A-level students attend classes at the main A-level Block (A-Block), adjacent to the main campus or in classrooms within the main site. At the A-level Block there is a small cafe selling hot drinks and a few hot meals.

BTEC/National Diploma students attend classes in the main block or in the Arts block (F-Block). Media/Photography Students attend classes in F-Block, which is across the car park from the main site or at WISE.

The campus has a refectory where hot food is served, a small sweet shop, and a Student Centre. CIC painted a mural in the canteen of the Filton campus, where Inkie and Felix Braun were students.

It has a workshop area known as Bristol Construction Academy which takes place in "R-Block". The college teaches a variety of trades, including plumbing, brick laying, gas and engineering.

SGS WISE
The WISE (West of England Institute of Specialist Education) campus is located in New Road, Stoke Gifford adjacent to Abbeywood Community School opened in 2005 at a cost of £17.5 million. It is the main site for sports, performing and visual arts courses at the college.
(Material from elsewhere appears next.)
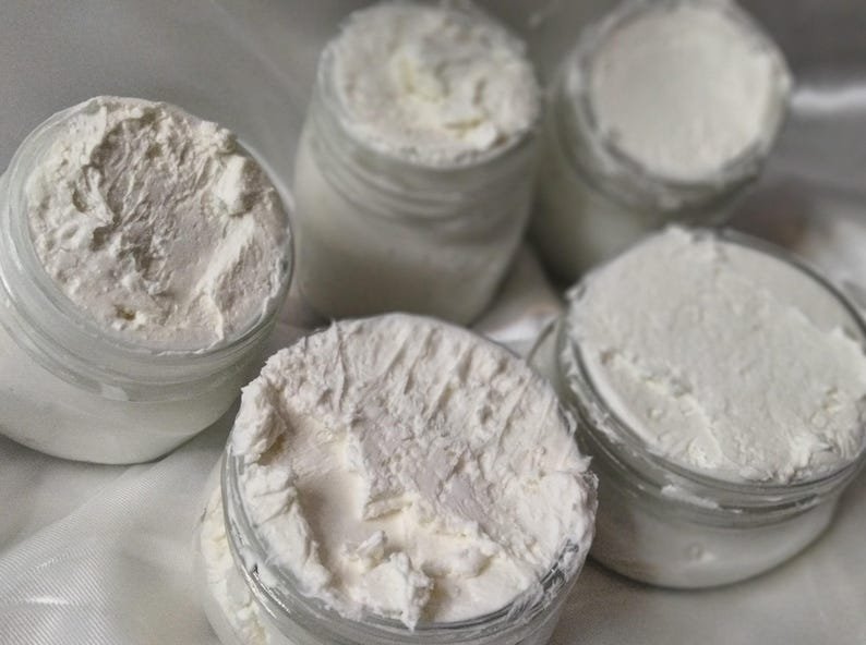 INGREDIENTS: Unrefined Shea Butter, Mango Butter, Avocado Butter, Aloe Vera, Arrowroot Powder, Arnica Flowers, Vitamin E, Fragrance
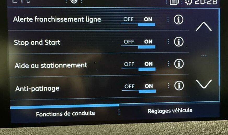 allumage automatique des phares, décorations intérieures en carbone, train ar 30000 Nm, insonorisant tablier 7 kg, déflecteur d\\\'air plancher avant long, vitres des portes ar avec protection acoustique, ventilateur électrique 140 W compact, faisceau Multiplex Eco 2, admission d\\\'air radiateur, enjoliveur inférieur pare-chocs av/écrans échappement ar chromé, autodiagnostic OBD, système audio Connect Nav numérique, fonctionnalité \\\"Mirror Screen\\\", unité de commande Telematik indépendante 3R, siège passager réglable en hauteur, avertisseur d\\\'oubli ceintures de sécurité ar, déflecteur d\\\'air double réglable pour radiateur, catalyseur inférieur à 50ppm, déflecteur d\\\'air double réglable pour radiateur, 1199 cc 1,2 L 96 KW HNS EB2ADTS, 1199 cc 1,2 L 96 KW HNS EB2ADTS_I, pays froids, rangée de boutons chromée, norme anti-pollution Euro 6.3, disques de frein ar 290 mm, disques de frein av 304 mm, 7,5 J x 18 Alu Detroit mat, alternateur 150 A, roue de secours temporaire, batterie 70 Ah EFR, bandeaux de protection latérale chromés, capteur ABS ar avec marque, condenseur de 23,5 dm² et de 12 mm d\\\'épaisseur, possibilité de réparation améliorée, modifications techniques Initiale, radiateur de 28 dm² et de 28 mm d\\\'épaisseur en aluminium, galerie de pavillon, rallonge traverse du train av, plancher de coffre réglable, 3 couches nacrée

WISE is home to the Bristol Institute of Performing Arts (BIPA), Bristol School of Art, SGS Sport and since 2021 University Centre WISE.

SGS Sport has partnerships with Bristol Flyers basketball team, Bristol Rovers, Bristol Rugby and Gloucestershire County Cricket Club, and the women's football team, Bristol Academy W.F.C., plays at the highest level in England, the FA WSL. Stoke Gifford Stadium is the arena that hosts the association football, american football and athletics which was opened in 2011.
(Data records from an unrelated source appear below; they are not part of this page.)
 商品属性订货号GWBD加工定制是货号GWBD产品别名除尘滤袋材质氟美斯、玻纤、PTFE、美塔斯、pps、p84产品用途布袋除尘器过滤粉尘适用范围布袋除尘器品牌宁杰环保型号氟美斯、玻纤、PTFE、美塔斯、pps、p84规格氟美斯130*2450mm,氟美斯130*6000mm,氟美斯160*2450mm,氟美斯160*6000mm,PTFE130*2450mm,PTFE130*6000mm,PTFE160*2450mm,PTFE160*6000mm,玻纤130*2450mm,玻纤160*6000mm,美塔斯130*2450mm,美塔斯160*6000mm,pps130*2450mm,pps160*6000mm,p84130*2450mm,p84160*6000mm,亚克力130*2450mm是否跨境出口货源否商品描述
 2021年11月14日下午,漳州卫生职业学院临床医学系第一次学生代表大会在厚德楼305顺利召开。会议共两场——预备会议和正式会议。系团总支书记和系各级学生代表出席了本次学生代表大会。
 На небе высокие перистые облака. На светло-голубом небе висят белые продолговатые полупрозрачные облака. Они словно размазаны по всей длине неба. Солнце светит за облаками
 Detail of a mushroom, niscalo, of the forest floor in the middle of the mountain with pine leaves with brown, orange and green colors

The Bristol Institute of Performing Arts (BIPA) is based in the first wing of the WISE campus and offers a range of further and higher education degree courses.

Degree Courses

 BA (Hons) Musical Theatre
 BA (Hons) Drama and Performance
 BA (Hons) Acting & Touring Theatre 
 BA (Hons) Commercial Dance for Stage & Screen
 FdA Live Events Production
 FdA Digital Media 
 BA (Hons) Specialist Make-Up Design
 BA (Hons) Prosthetics, Modelmaking & Digital Design

BIPA's facilities include 6 dance studios, 5 acting/rehearsal studios, TV studio, Mac editing suits, scenic workshop, wardrobe department, study zone, gym, theatre bar and The Olympus Theatre and Studio 22 theatre which puts on over 40 productions a year.

In 2021, the college launched its University Centre after remodelling its existing WISE Campus to accommodate additional degree students. The University Centre officially opened as University Centre WISE | West of England Institute of Specialist Education on Friday 19 November 2021.

SGS Stroud
The Stroud campus is located in Stratford Road, Stroud. The campus has a remote education centre located in Dursley, Gloucestershire, and a co-operative sixth form site at Downfield Sixth Form with Marling School, Stroud High School and Archway School. The Stroud campus has a learning resource centre, construction workshops, learn IT centre, Envy hair and beauty salon, refectory, conference facilities as well as sports and leisure facilities.

SGS Queens Road (Bristol School of Art)
The SGS Queens Road Campus is located in the right wing of the Royal West of England Academy in Queens Road, Clifton, Bristol. The academy was Bristol's first art gallery and constructed in 1857.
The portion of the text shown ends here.